▶ Exercise brief: Reproduce the lines below exactly, from the one containing "Безоговорочным лидером оказалась" through the one containing "The perfect facelift", both included. Leave out any pictures.

▶ Source data:

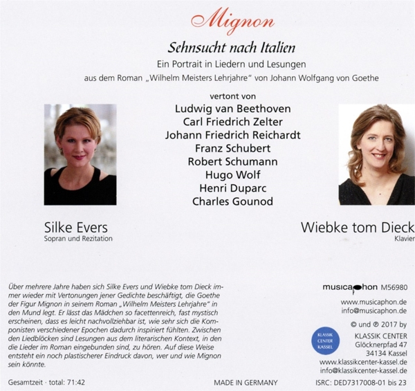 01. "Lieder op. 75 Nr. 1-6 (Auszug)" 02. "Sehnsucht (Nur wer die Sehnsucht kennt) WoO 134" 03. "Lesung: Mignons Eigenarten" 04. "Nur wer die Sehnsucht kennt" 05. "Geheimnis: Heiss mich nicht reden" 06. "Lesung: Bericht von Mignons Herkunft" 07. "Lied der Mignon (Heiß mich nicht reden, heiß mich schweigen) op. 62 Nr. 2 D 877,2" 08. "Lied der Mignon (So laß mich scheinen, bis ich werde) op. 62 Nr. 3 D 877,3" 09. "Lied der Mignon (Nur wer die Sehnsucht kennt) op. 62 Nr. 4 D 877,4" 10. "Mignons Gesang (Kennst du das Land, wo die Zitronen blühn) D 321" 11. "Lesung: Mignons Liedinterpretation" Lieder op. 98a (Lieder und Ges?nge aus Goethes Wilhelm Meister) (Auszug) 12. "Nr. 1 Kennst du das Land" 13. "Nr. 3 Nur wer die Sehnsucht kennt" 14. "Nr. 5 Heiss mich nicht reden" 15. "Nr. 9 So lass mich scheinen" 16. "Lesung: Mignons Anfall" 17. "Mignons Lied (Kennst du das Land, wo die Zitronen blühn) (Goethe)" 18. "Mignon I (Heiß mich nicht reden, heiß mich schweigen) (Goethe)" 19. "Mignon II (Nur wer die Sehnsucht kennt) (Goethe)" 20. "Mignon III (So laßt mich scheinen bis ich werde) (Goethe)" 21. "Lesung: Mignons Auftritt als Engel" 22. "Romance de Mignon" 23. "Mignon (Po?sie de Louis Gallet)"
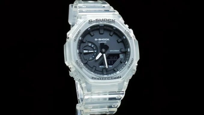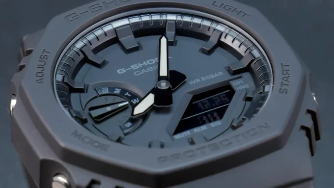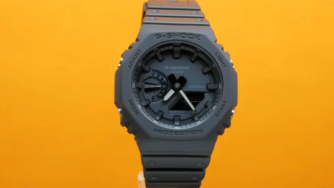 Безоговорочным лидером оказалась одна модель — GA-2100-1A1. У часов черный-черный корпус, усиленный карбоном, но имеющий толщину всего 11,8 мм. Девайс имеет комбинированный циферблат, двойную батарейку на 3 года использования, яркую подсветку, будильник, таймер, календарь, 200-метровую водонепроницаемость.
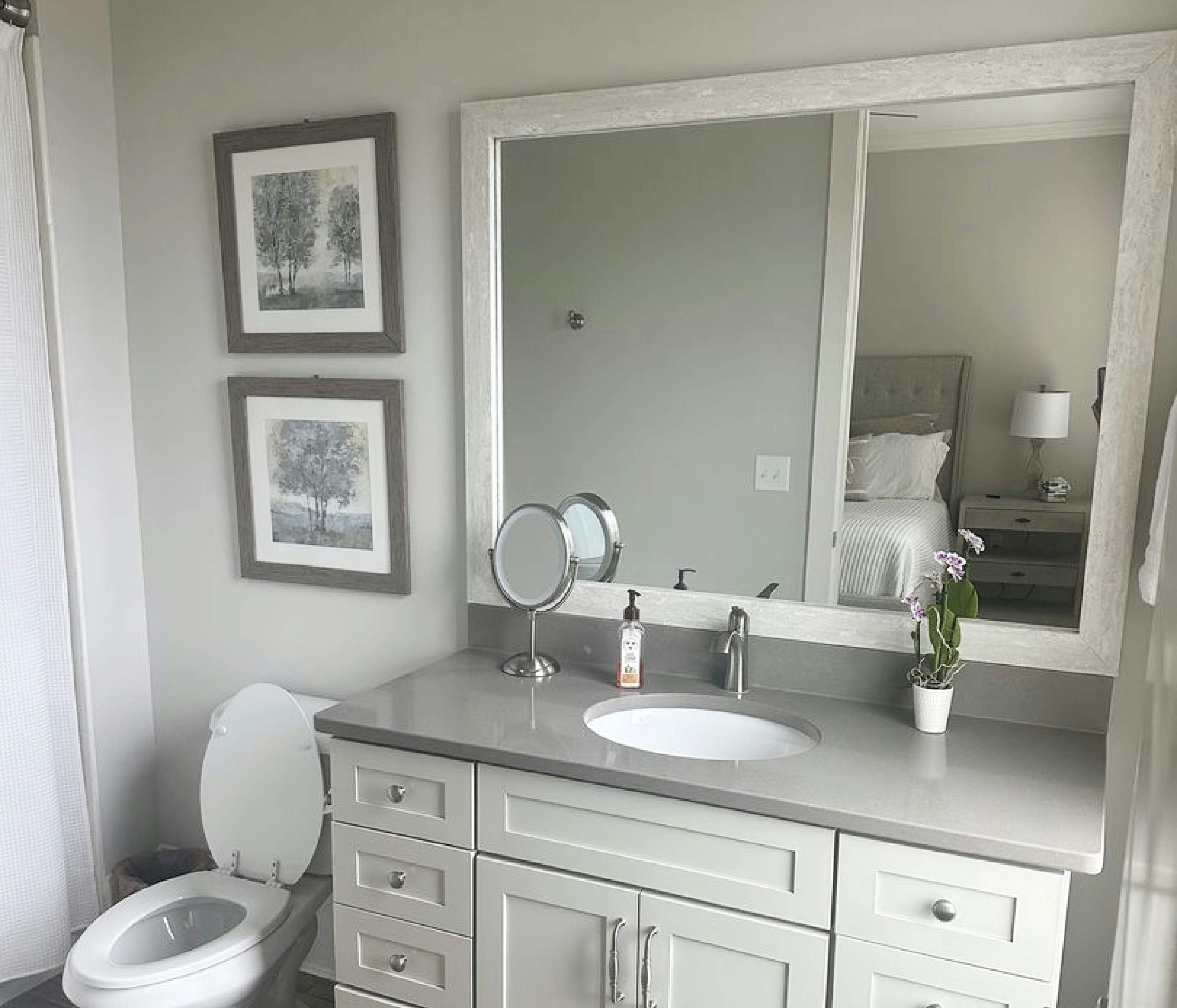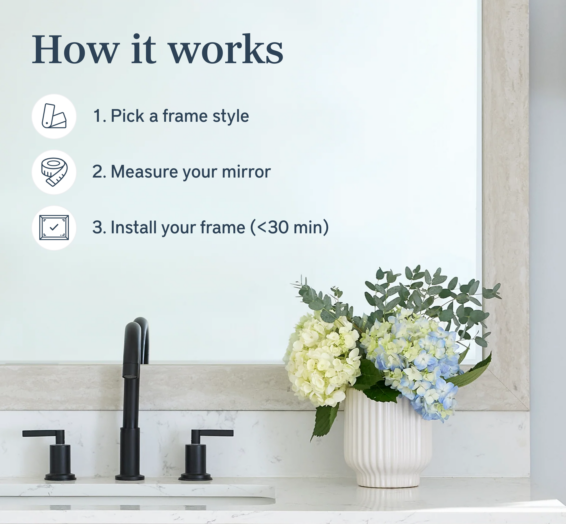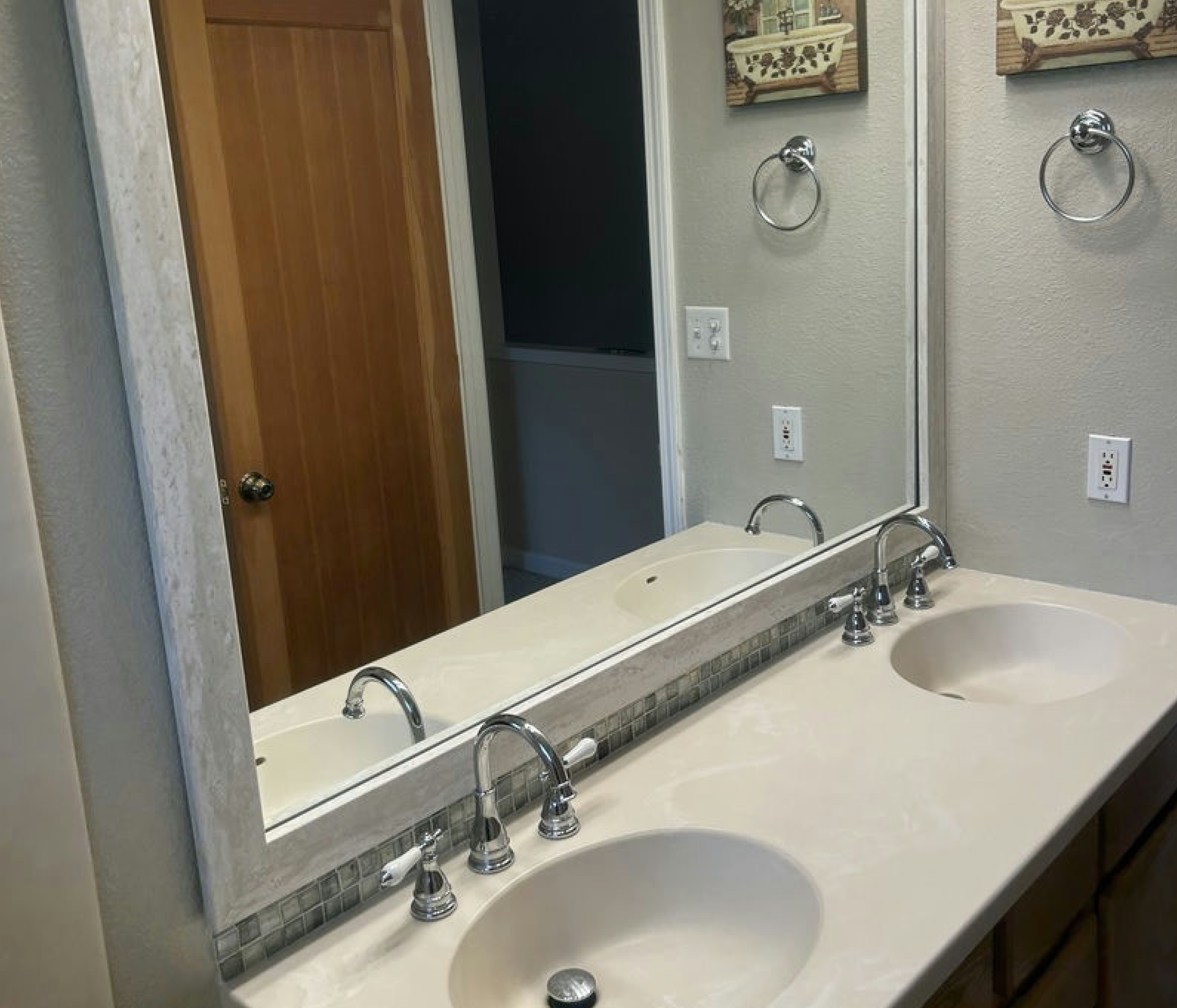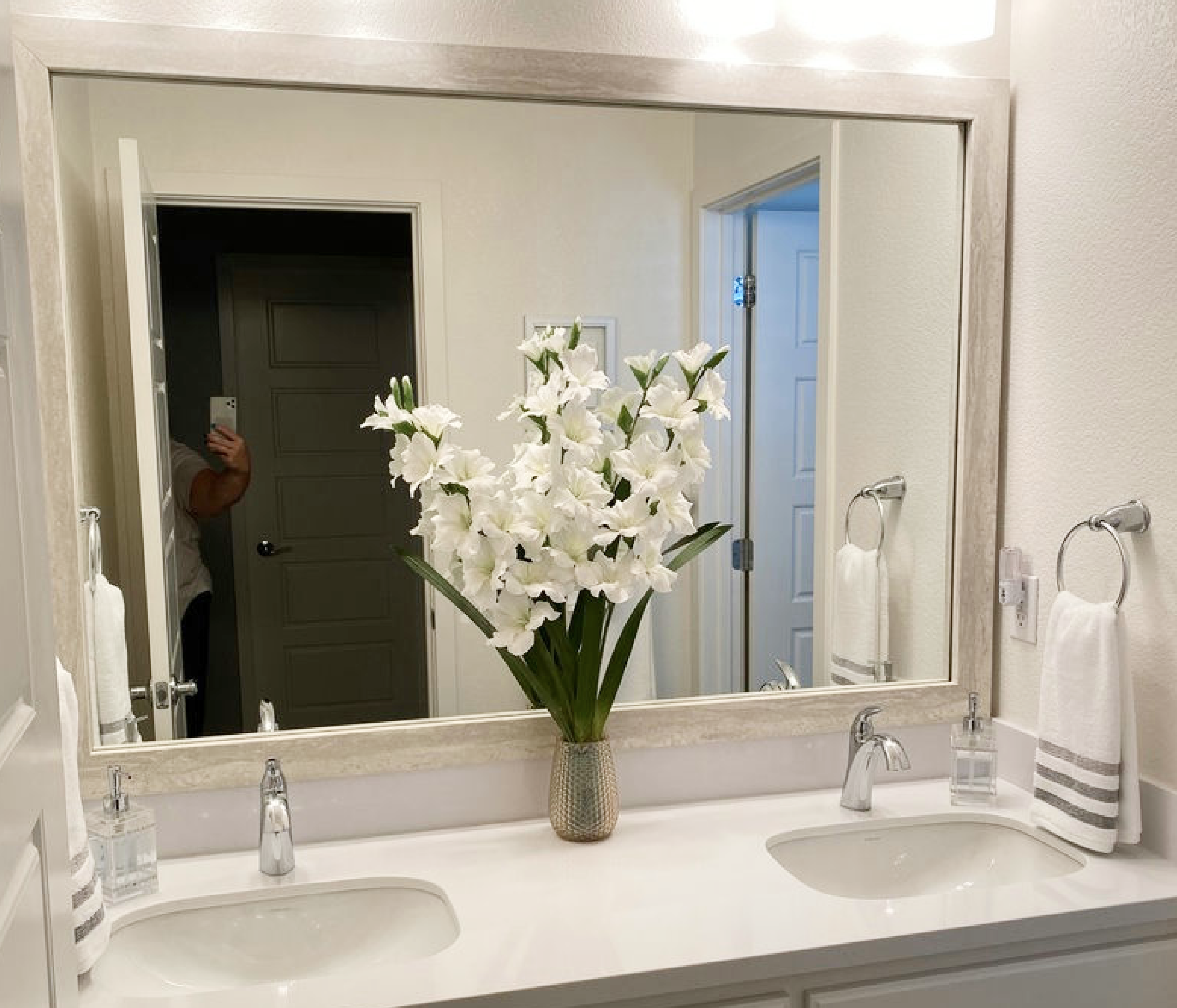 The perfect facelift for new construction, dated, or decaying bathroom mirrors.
==
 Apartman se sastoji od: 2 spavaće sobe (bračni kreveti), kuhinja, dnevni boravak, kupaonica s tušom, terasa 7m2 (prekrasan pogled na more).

▶ Exercise response:
 Безоговорочным лидером оказалась одна модель — GA-2100-1A1. У часов черный-черный корпус, усиленный карбоном, но имеющий толщину всего 11,8 мм. Девайс имеет комбинированный циферблат, двойную батарейку на 3 года использования, яркую подсветку, будильник, таймер, календарь, 200-метровую водонепроницаемость.
 The perfect facelift for new construction, dated, or decaying bathroom mirrors.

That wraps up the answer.